On 04/10/2024 15:32, Thiago Macieira wrote:
On Friday 4 October 2024 05:43:38 GMT-7 Phil Thompson via Development
wrote:
For dynamically created meta-objects...
- the results were dependent on the version of Qt
- QMetaProperty.metaType().isValid() always returned false
- QMetaProperty.isEnumType() returned true for v6.7.1 and false for
v6.8.0
But how was this constructed?
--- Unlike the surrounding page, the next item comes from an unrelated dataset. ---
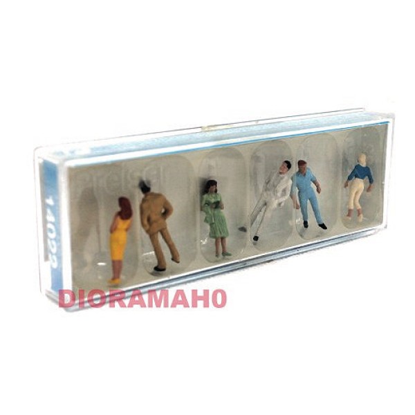 Set di personaggi passanti colorati in diverse posizioni, perfetti per arredare il vostro plastico ferroviario e per rendere le vostre città, paesini più popolati e allegri !! Nella scatola si possono trovare sei personaggi di sesso differente al minimo dettaglio.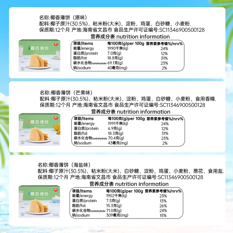 零食春光椰香薄饼海南特产小包薄脆饼干休闲食品小吃椰子椰香味

Is it setting the QMP and QME's metatype
using
QMetaEnumBuilder::setMetaType and QMetaPropertyBuilder::setMetaType?
Uh...
there is no such function for QMPB.
I was surprised by the result of QMetaProperty.isEnumType() for a
moc-generated meta-object without Q_ENUM. The docs suggest this should
be true for all enums whether or not Q_ENUM is used.
No, it needs the bit set by moc, so Q_ENUM or Q_FLAG is required. The
doc may
be misleading then ("if the property's type is an enumeration value").
Why does QMetaProperty.metaType().isValid() always return true for
moc-generated meta-objects and false for dynamically created
meta-objects?
Because meta types for all properties are required since 6.0. There are
no
exceptions. Since 6.6, moc also generates the metatypes for all enums
too.
QMetaObjectBuilder always generates the latest revision of the meta
object, so
all features are available... but also all requirements are mandatory.
Meta
types for all properties, enums, methods , and for gadgets the gadget
itself
must be provided.
Is there any way to dynamically register an enum with the meta-type
system (so that QMetaEnum.metaType().isValid() returns true)?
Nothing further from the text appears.